- Malayer Location within Iran
- Coordinates: 34°18′00″N 48°49′04″E﻿ / ﻿34.30000°N 48.81778°E
- Country: Iran
- Province: Hamadan
- County: Malayer
- District: Central

Area
- • Total: 22.8 km^{2} (8.8 sq mi)
- Elevation: 1,746 m (5,728 ft)

Population (2016)
- • Total: 170,237
- • Rank: Second in the province
- • Density: 58,910/km^{2} (152,600/sq mi)
- Time zone: UTC+3:30 (IRST)
- Postal code: 65711 - 65791
- Area code: 0813

= Malayer =

City in Hamadan province, Iran

Malayer (ملایر) (Note: Also romanized as Malāyer; formerly Dowlatabad (دولت‌آباد), also romanized as Daūlatābād, Doulatābād, and Dowlatābād) is a city in the Central District of Malayer County, Hamadan province, Iran, serving as capital of both the county and the district.

Malayer is the second-largest city in the province, and is famous for furniture. The city has many parks, the biggest historical park of which is Seyfieh Park. Malayer is located between the two cities of Hamedan and Arak, both of which are the centers of the province. Malayer is the national city of furniture and inlays and the world city of grapes.

==History==
Malayer, a city in western Iran, has a rich history dating back to ancient and pre-Islamic times. Originally known as Dowlatabad, it was renamed Malayer in the early 20th century, marking a shift in administrative and cultural significance.

The city gained prominence during the Seljuk and Safavid eras as a key center for rug production. Its strategic location along historic trade routes contributed to its cultural diversity, reflected in the variety of designs found in Malayer rugs. Additionally, Malayer has been notable for its craftsmanship, particularly in rug-weaving and woodworking traditions.
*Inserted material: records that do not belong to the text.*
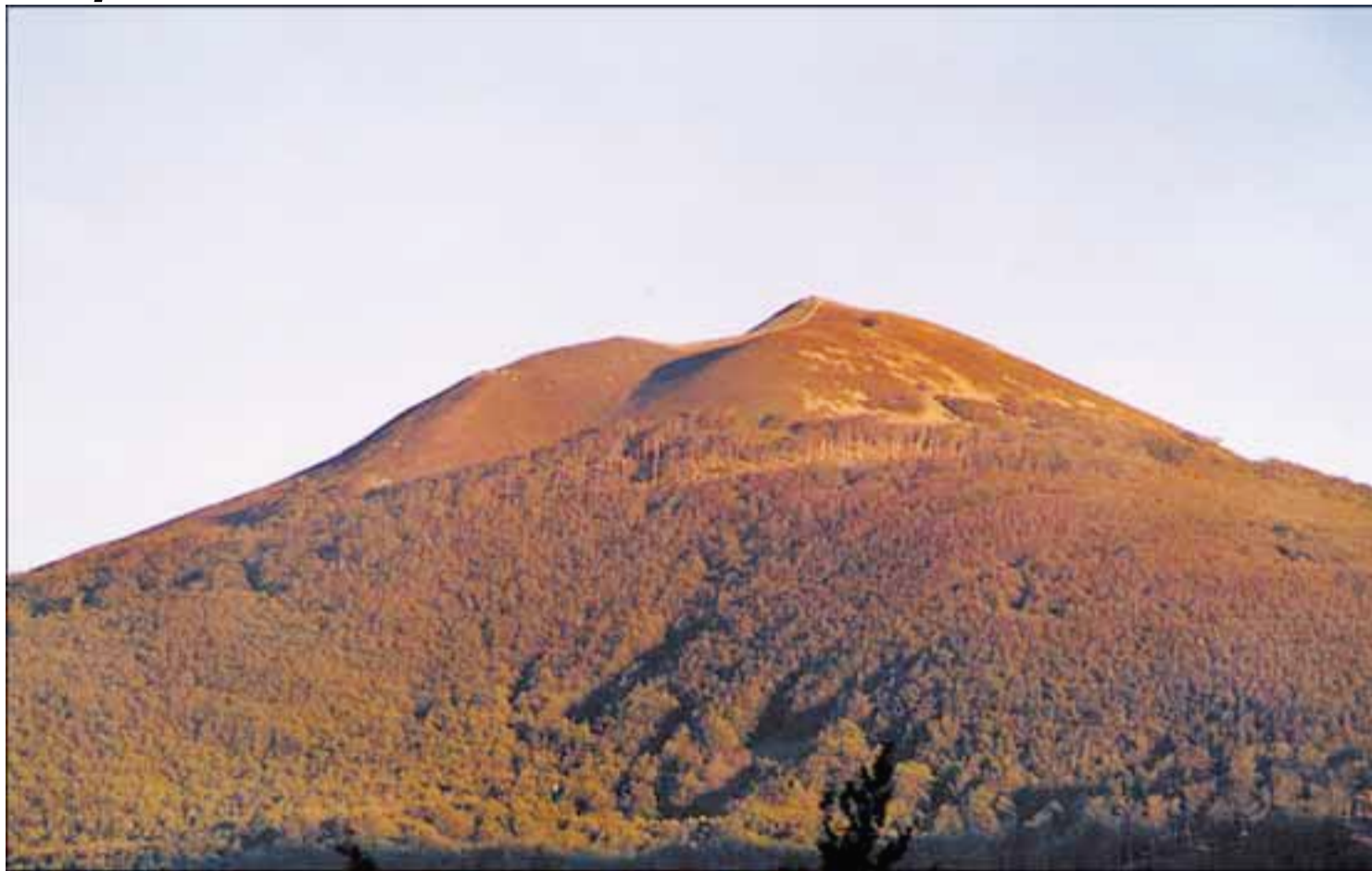
Una vista del monte Adi, cima a la que se asciende entre hayedos y pinares antes de llegar a un último tramo totalmente despejado.

Una sencilla ascensión de poco más de una hora permite llegar a su pelada cima y, allí, contemplar la gran vista existente sobre Alduides y los valles de Erro y Aezkoa
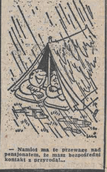
— Namlot ma te przeważa nad pensjonatem, że masz bezpośredni kontakt z przyrodą...
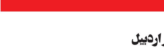
مدیرکل آموزش فنی و حرفه‌ای استان خیرباد:
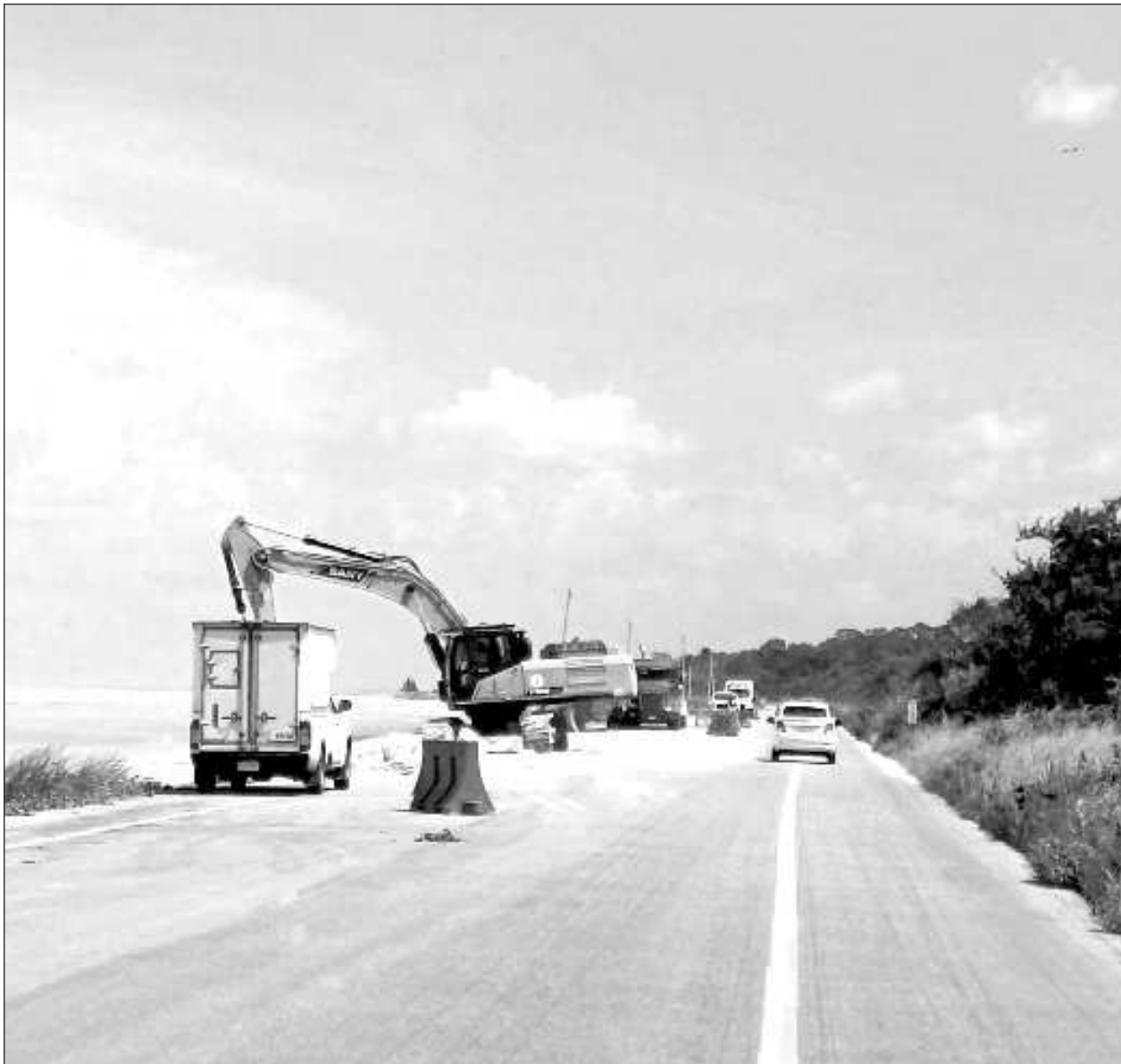
▲ Los trabajos -de carácter extraordinario- para el mantenimiento carretero dieron inicio a la altura de Nuevo Campechito, en la península de Atasta y en el kilómetro 107, en el municipio de Champotón.
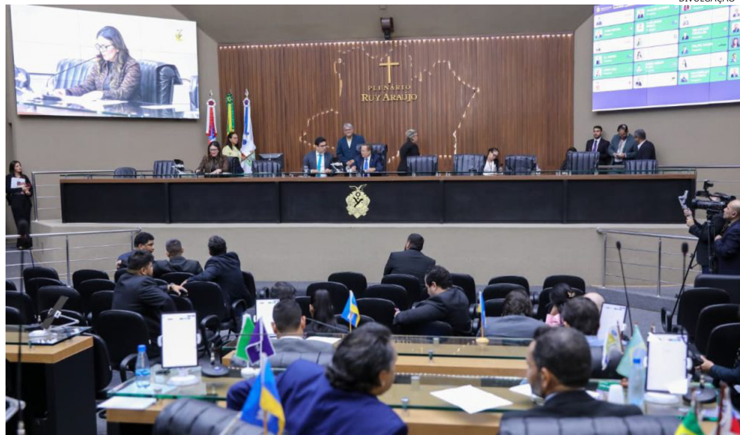
Assembleia Legislativa do Amazonas (Aleam)

A iniciativa busca combater o assédio, garantir canais rápidos de denúncia em embarcações e ônibus e promover o acolhimento imediato das vítimas du-
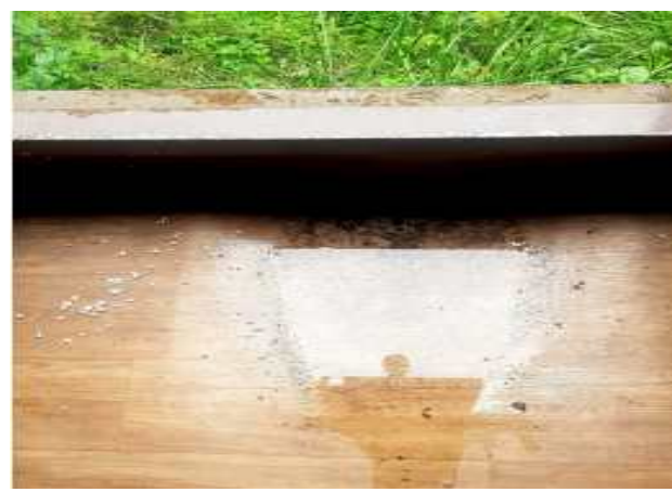
난지물놀이장-출입구 누수 상태 확인
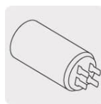
Capacitor para mayor potencia al arranque
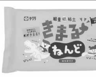
作品づくりの幅が広がる

素材のふせんを組み合わせたセットで、それぞれのふせんにテーマに沿った異なるイラストが描かれているため、推し仕草をたっぷり堪能できる。 ふせんは厚みのあるしっかりとした素材のため、メモとしてはもちろん、プレゼントにつけるメッセージカードとしても使える。 種類は「かみかみして甘える」「頭や体をスリスリスする」「ダンボール箱に入る」「おなかを見せる」「出迎える」「出迎えてくれる」「じーっと見つめる」の6種類。入数は、ふせん20枚×2種類。418円。税込。
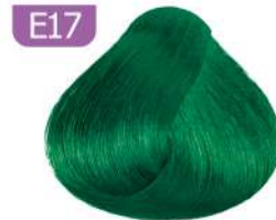
E17 ANTI RED MIXTONE واریاسیون سبز
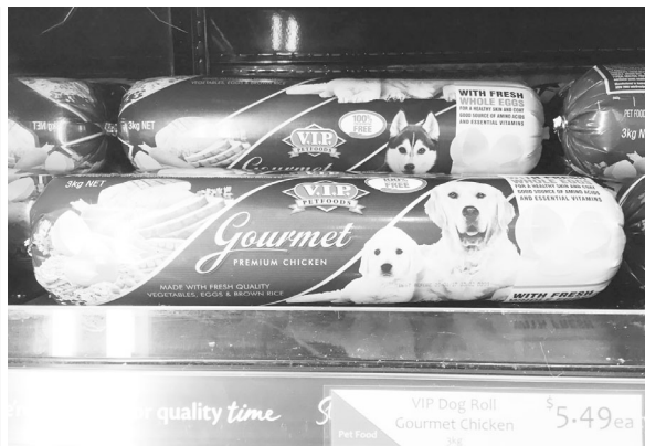
▲ 호주 Baiada사에서 만든 애완견 닭고기 간식(개당 4,880원/3kg)

〈그림1〉 한국 · 호주에서 생산 · 판매하는 성계육을 활용한 애완용 닭고기 간식
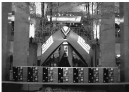
图 1.19 展示空间示样

图 1.18: 带有传统寓言故事情节的橱窗展示设计让人联想起童年许多美好的回忆, 这是企业品牌展示中最有效、最直接的展示手段之一。
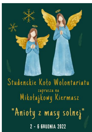
Ryc. 1. Plakat wykonany przy użyciu narzędzi multimedialnych (z kolekcji autorki)

Na podstawie zdobytej wiedzy, studenci przygotowali projekty konkursów plastycznych oraz zajęć plastycznych. Stworzyli ciekawe plakaty, kalendarze, ogłoszenia, scenariusze i regulaminy konkursów dla różnych grup odbiorców. Wdrożenie zasady indywidualizacji pozwoliło na dostosowanie weryfikacji wiedzy i umiejętności.
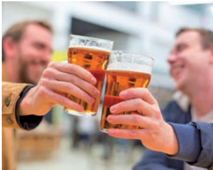
El número de cerveceras artesanas ha pasado de 21 a 361 en pocos años

Esta iniciativa supera el concepto tradicional de cerveza artesana e incorpora fabricantes de producción 100% ecológica y vegana. Las materias primas de sus variedades se obtienen sin químicos ni fertilizantes, a lo que
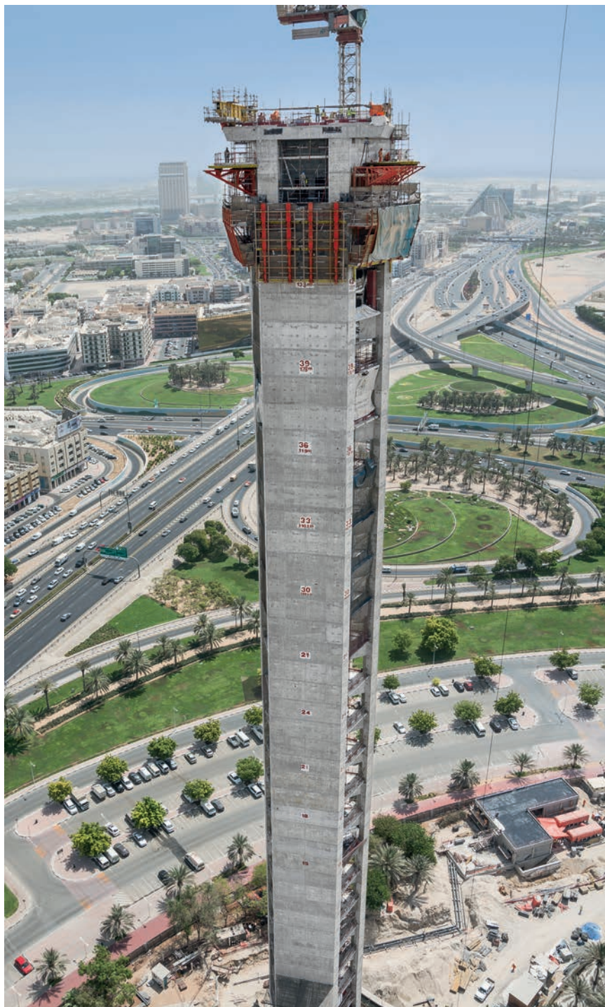
Dubai Frame izveden je tzv. tehnologijom penjajućih oplata

U projekt je uloženo približno 45 milijuna dolara, a njegov je vanjski dizajn inspiriran logom Expoa 2020. Prema nekim procjenama, godišnje će ga posjećivati približno dva milijuna posjetitelja. Ta brojka možda i ne čudi ako se uzme u obzir činjenica da se sve dnevne ulaznice za tu atrakciju rasprodaju u rekordnom roku, a novi vidikovac privlači turiste iz cijelog svijeta koji uživaju u pogledu na futurističke nebudere, ali i nova gradilišta. U ovome trenutku Dubai ulaže desetke milijardi dolara u Svjetsku izložbu 2020. Vrijednost projekata povezanih s izložbom, prvom takvom na Bliskome istoku, u ožujku 2018. iznosila je čak 42,5 milijardi dolara. Među većim je projektima proširenje međunarodne zračne luke Al Maktoum koja će nadopuniti postojeći aerodrom. Emirat također ulaže 2,9 milijardi dolara u novu liniju metroa koja će glavne točke povezivati s izložbenim prostorima. Vlasti u Emiratima očekuju da će Expo 2020. potaknuti tržište nekretnina i sektor hotelijerstva te otvoriti 300.000 radnih mjesta.
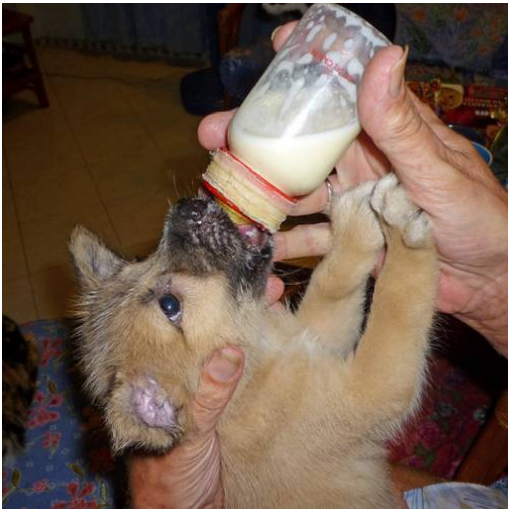
Meine Wahl viel auf MOPPELCHEN, der braucht allerdings zwischendurch immer noch seine Flasche...
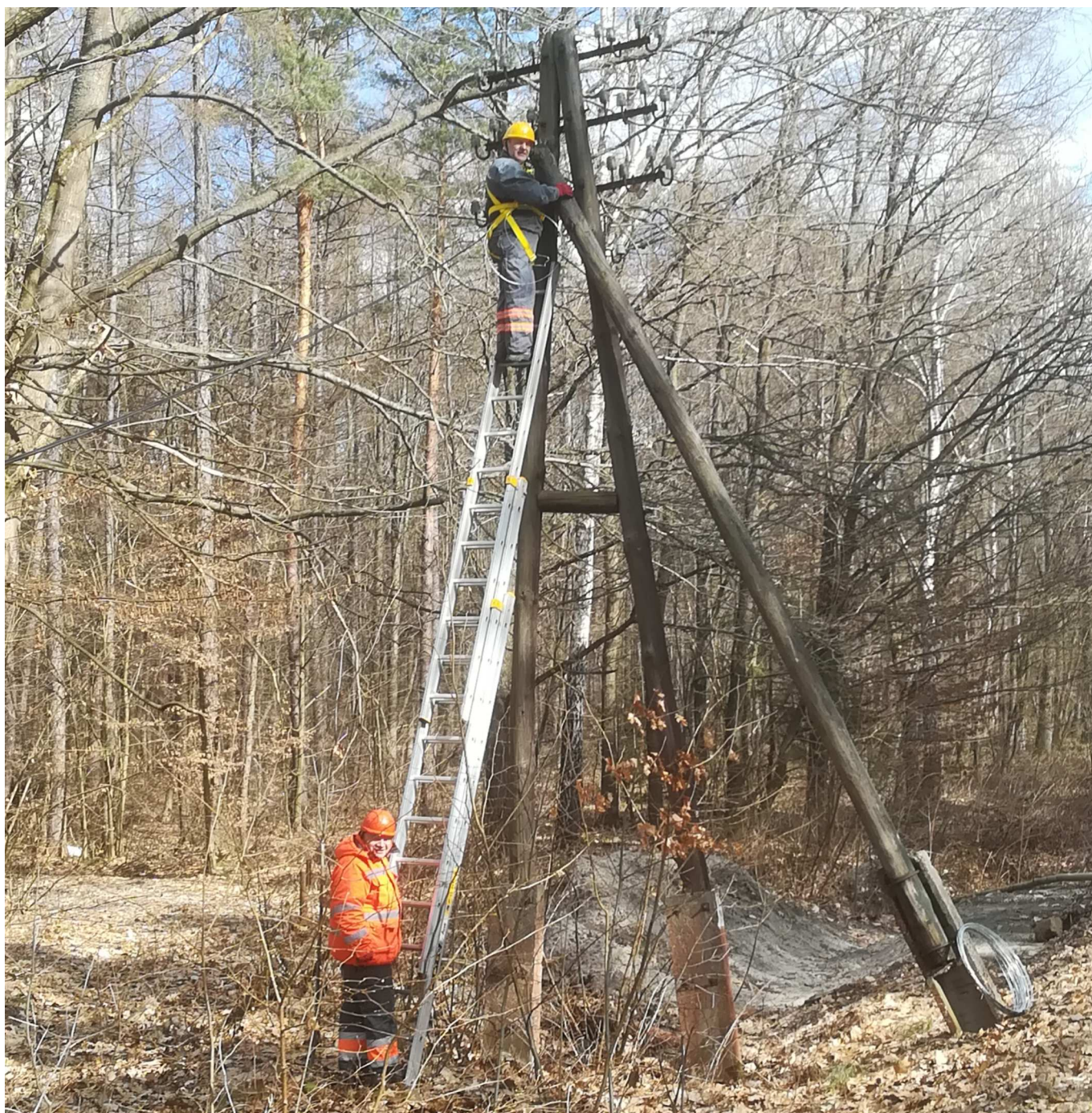
Usuwanie awarii na linii napowietrznej Hrebenne - Werchrata, linia 101. Pracownicy zespołu RUI1.22.
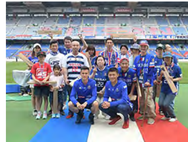
ゴミ拾いマスター人数推移 第3期 16人
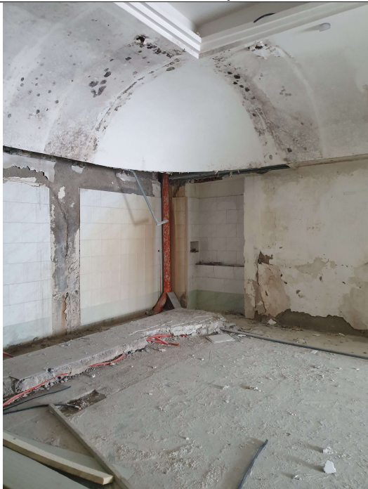
n.3 – Vista camera 1
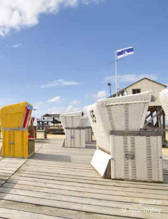
Strand in St. Peter-Ording
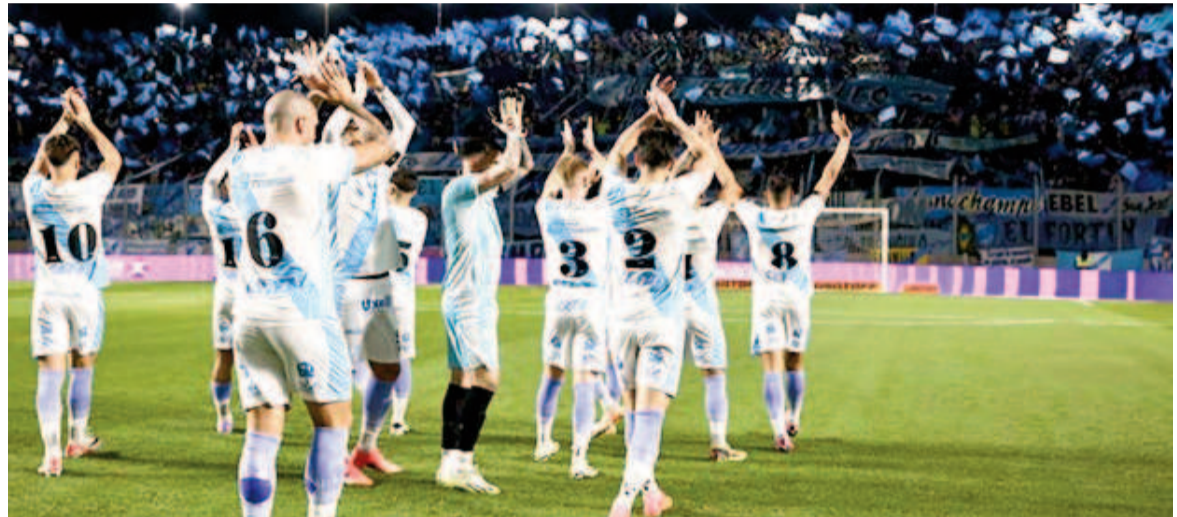
El Gasolero viene de ganarle a otro santiagueño, Mitre, también en nuestra ciudad.
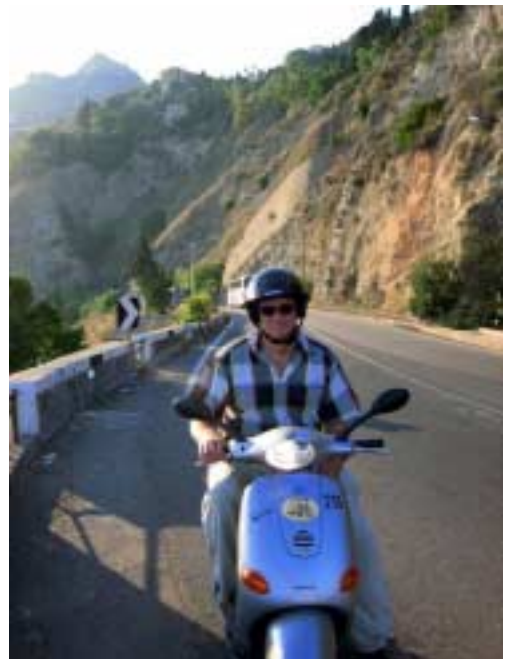
Sightseeing via Scooter

During the Persian famine of 1917–1919, Malayer, like many other regions in Iran, experienced severe food shortages and hardship. The community faced challenges in sustaining local resources, significantly affecting the population.

Following the Anglo-Soviet invasion of Iran during World War II, Malayer came under British control. This occupation impacted local agriculture and resources, contributing to the economic and social conditions of the time.

==Demographics==
===Population===
At the time of the 2006 National Census, the city's population was 153,748 in 40,750 households. The following census in 2011 counted 159,848 people in 46,939 households. The 2016 census measured the population of the city as 170,237 people in 52,697 households.

==Climate==
Malayer has a hot-summer Mediterranean climate (Csa) according to the Köppen climate classification.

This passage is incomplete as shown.